Problem requirements: Please give back, exactly as written, the lines from the line with "- Set bevat: een" to the line with "Ну и конечно" in the listing below, leaving out all pictures.

Data Block Start

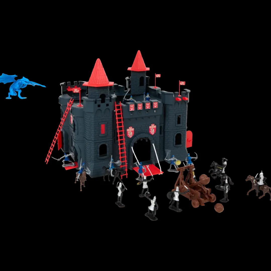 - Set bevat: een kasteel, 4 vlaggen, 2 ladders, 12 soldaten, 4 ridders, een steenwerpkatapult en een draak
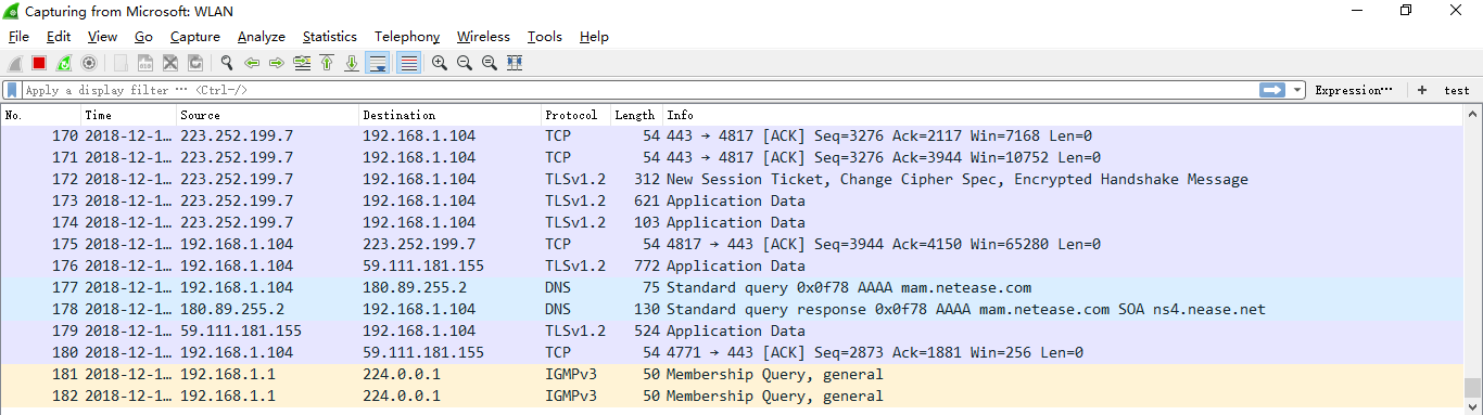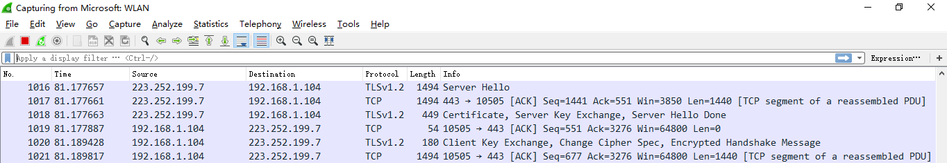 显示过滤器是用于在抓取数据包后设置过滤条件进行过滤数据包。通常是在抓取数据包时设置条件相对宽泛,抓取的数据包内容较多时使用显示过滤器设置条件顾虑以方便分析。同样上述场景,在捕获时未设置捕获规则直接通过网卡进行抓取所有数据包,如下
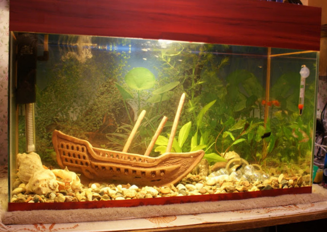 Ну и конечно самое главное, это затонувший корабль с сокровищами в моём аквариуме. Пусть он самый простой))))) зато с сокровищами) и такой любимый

Data Block End
Data Block Start

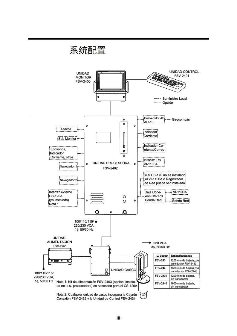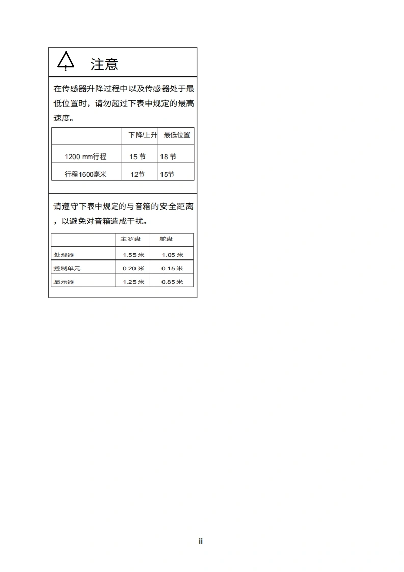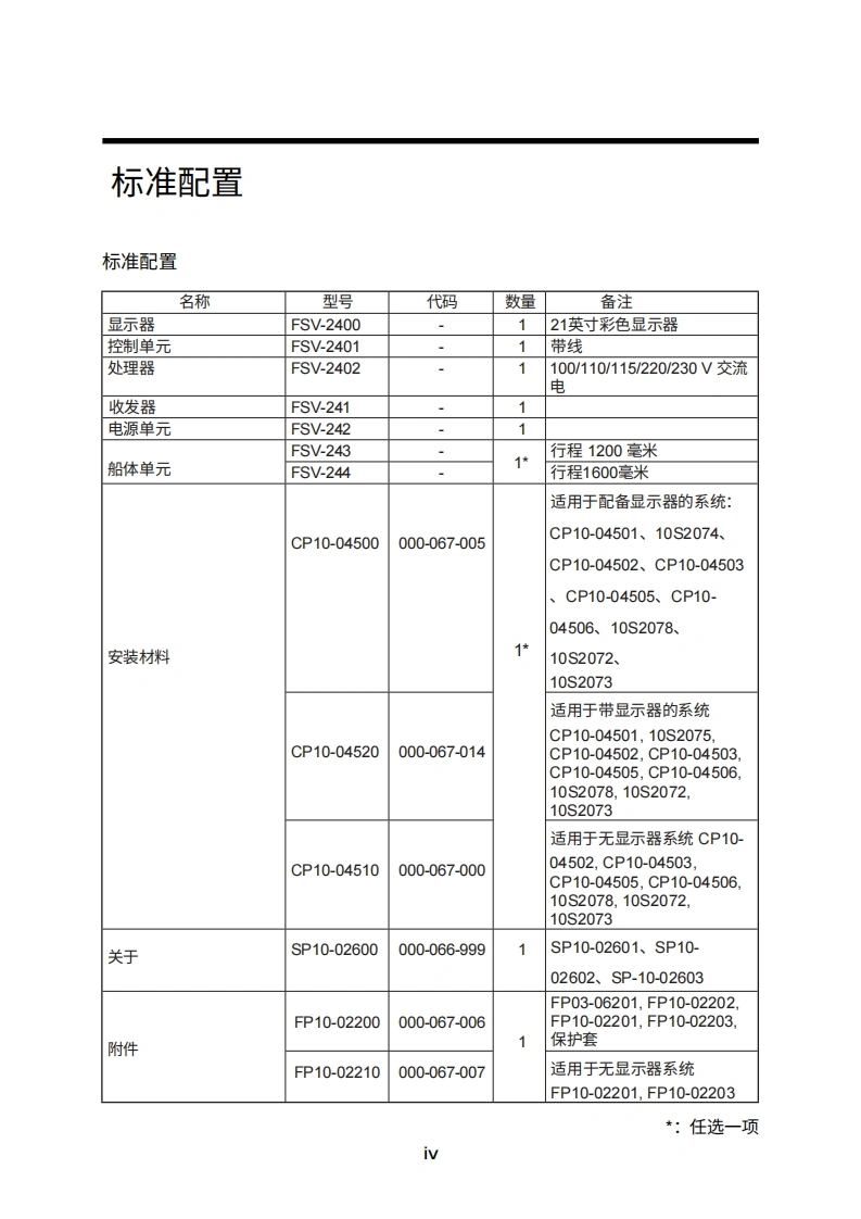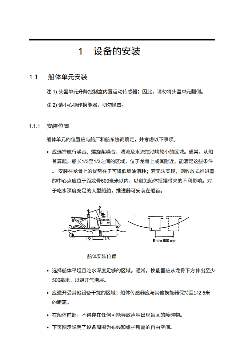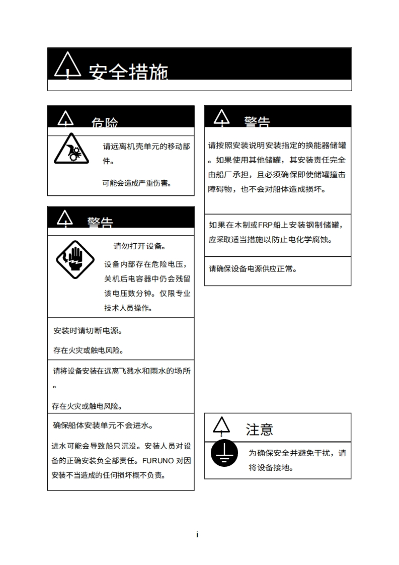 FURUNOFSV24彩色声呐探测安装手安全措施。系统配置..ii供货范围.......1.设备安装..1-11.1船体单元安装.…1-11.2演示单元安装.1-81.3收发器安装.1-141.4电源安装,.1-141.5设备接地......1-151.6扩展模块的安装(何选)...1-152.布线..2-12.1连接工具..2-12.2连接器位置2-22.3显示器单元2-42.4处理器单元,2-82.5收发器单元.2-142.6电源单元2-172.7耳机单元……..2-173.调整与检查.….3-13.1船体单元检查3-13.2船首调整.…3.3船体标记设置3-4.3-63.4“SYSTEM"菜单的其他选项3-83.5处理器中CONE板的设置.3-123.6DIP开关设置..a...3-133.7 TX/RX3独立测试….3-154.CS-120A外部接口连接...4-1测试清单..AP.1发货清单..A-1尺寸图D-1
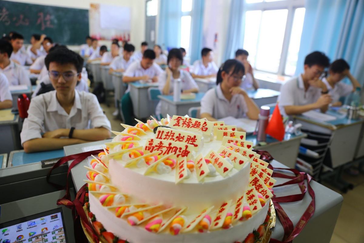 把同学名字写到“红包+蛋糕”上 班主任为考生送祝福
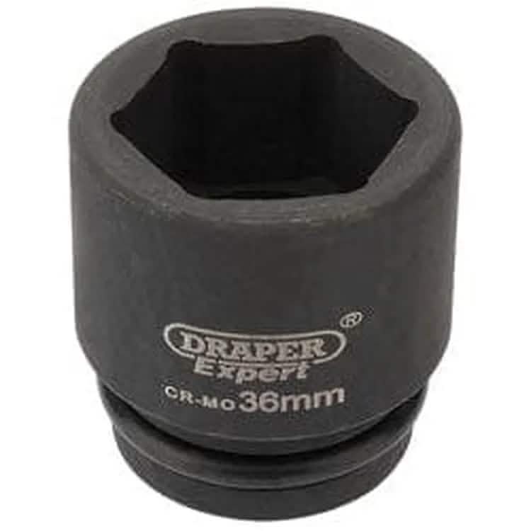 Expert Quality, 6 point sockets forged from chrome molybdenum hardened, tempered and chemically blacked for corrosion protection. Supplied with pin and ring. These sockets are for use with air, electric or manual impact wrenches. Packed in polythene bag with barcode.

Data Block End
Data Block Start

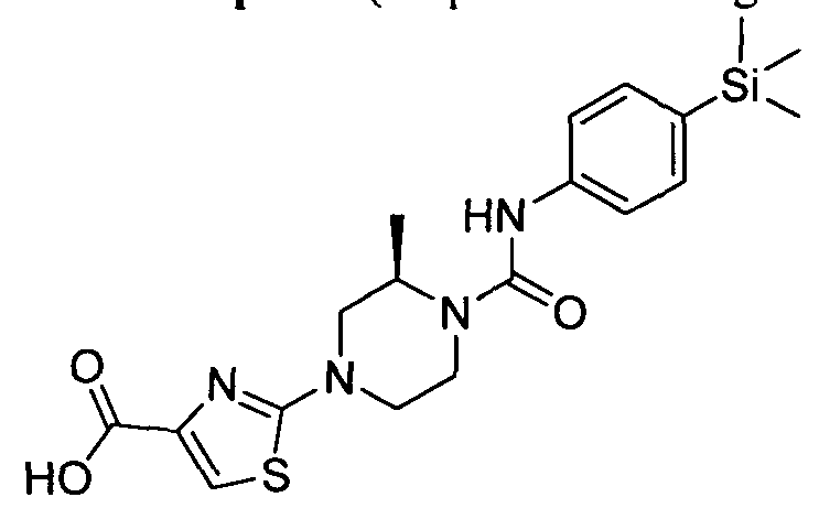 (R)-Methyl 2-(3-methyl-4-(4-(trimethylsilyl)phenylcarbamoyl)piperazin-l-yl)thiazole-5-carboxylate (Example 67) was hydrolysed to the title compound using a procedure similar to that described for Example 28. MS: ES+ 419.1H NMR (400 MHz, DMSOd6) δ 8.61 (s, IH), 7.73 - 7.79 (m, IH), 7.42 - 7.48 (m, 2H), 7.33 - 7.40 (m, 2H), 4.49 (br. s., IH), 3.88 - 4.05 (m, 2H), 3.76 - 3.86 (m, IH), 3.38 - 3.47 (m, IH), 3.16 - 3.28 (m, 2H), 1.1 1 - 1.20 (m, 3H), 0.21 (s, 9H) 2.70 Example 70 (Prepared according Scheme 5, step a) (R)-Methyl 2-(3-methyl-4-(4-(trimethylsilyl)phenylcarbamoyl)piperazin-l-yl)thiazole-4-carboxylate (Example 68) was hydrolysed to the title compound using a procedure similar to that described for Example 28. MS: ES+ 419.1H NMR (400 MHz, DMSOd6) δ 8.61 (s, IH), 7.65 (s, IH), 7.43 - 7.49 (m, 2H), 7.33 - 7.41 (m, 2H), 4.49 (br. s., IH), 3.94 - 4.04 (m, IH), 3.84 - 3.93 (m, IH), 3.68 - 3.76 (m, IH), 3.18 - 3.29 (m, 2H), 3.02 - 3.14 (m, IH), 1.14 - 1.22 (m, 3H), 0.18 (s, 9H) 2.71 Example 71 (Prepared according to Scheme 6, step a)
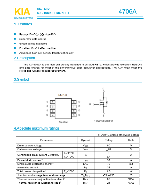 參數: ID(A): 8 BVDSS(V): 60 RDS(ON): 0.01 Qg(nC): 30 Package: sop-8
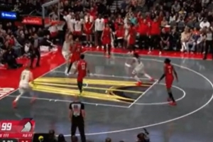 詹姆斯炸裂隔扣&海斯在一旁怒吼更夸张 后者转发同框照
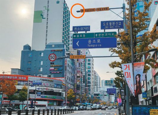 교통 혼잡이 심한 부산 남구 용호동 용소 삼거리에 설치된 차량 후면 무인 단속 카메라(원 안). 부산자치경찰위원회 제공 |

Data Block End

Response to this task:
 - Set bevat: een kasteel, 4 vlaggen, 2 ladders, 12 soldaten, 4 ridders, een steenwerpkatapult en een draak
 显示过滤器是用于在抓取数据包后设置过滤条件进行过滤数据包。通常是在抓取数据包时设置条件相对宽泛,抓取的数据包内容较多时使用显示过滤器设置条件顾虑以方便分析。同样上述场景,在捕获时未设置捕获规则直接通过网卡进行抓取所有数据包,如下
 Ну и конечно самое главное, это затонувший корабль с сокровищами в моём аквариуме. Пусть он самый простой))))) зато с сокровищами) и такой любимый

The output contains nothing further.